To create a ticket, go to https://issues.apache.org/jira, and register.
Anybody can register.  Create a ticket in the HTTPCLIENT queue, providing a
description.  Then attach your patch file.

Thanks,
Karl



On Fri, Mar 28, 2014 at 8:50 AM, Malcolm Smith <
malcolm_smith@standardlife.com> wrote:

> Hi Karl,
>
> I am afraid I am completely unfamiliar with this process. I assume I
> should follow the instructions here for getting hold of the SVN repo:
>
>
> http://wiki.apache.org/HttpComponents/HttpComponentsReleaseProcess?action=show&redirect=HttpComponentsCoreReleaseProcess
>
> How do I go about creating a ticket?

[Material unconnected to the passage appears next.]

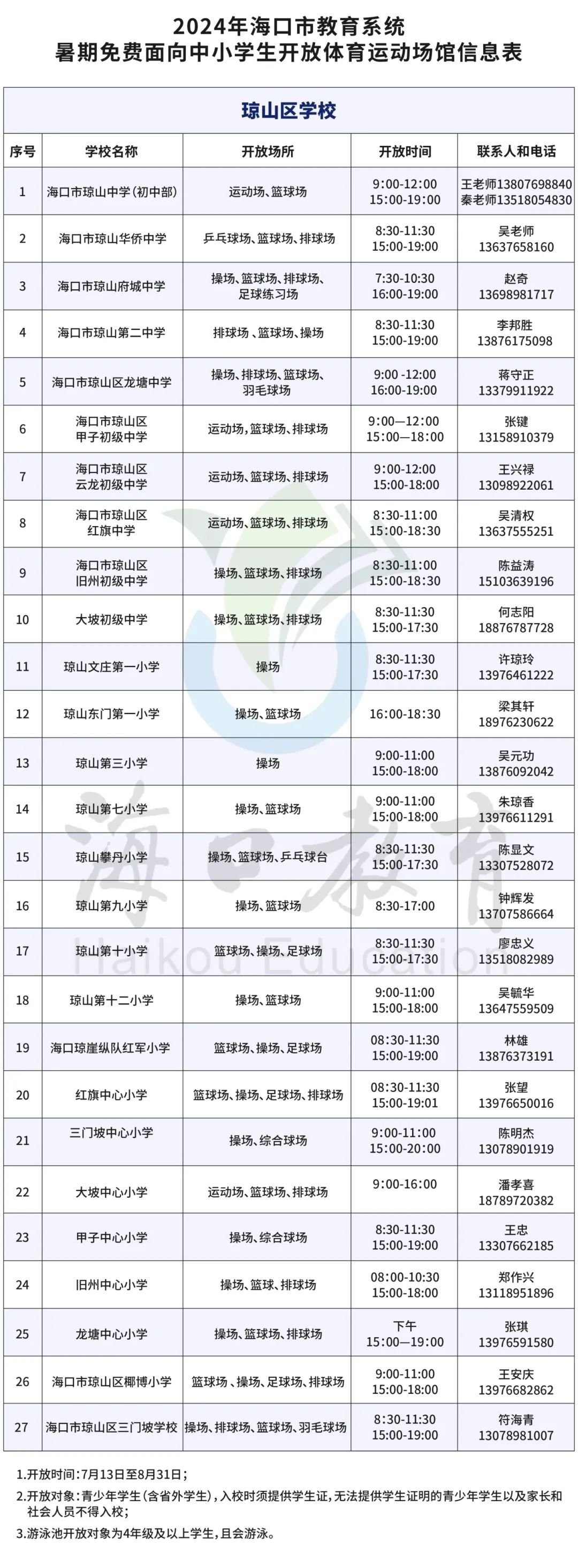 (原标题:免费!海口这些学校体育场馆向学生开放→)

Can you point me at some
> documentation?
>
> Thanks,
>
> Malcolm.
>
>
> -----Original Message-----
> From: Karl Wright [mailto:daddywri@gmail.com]

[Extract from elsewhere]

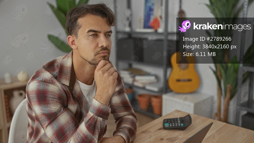 Young man in an office setting analyzing data at a wooden desk with a laptop and guitar in the background conveying focus and contemplation indoors

> Sent: 28 March 2014 11:49
> To: HttpComponents Project
> Subject: Re: HTTPCLIENT-1394: Support for Native windows Negotiate/NTLM
> via JNA
>
> Hi Malcolm,
>
> The right way to contribute a patch is to attach an svn diff to a ticket
> as a file.
>
> The original ticket has already been included in 4.4, so the proper way to
> do this is to create a new ticket, and attach the patch to it.
>
> Thanks,
> Karl
>
>
>
> On Fri, Mar 28, 2014 at 6:58 AM, Malcolm Smith <
> malcolm_smith@standardlife.com> wrote:
>
> > Hi,
> >
> > I was very interested in the "HTTPCLIENT-1394: Support for Native
> > windows Negotiate/NTLM via JNA" patch Ryan McKinley contributed to
> > HTTPCLIENT as it seemed it would perfect solve the issue many people
> > are encountering moving Kerberised Java clients to Win7. The issue
> > being that local admin users on
> > Win7 can't access the TGT via the usual GSSAPI method without running
> > the app as an Administrator (also a XP Compatibility mode flag fixes
> > it but neither are very satisfactory).
> >
> > I now have the patch up and running in our corporate environment and
> > it works perfectly, although I had to make a small change to the code.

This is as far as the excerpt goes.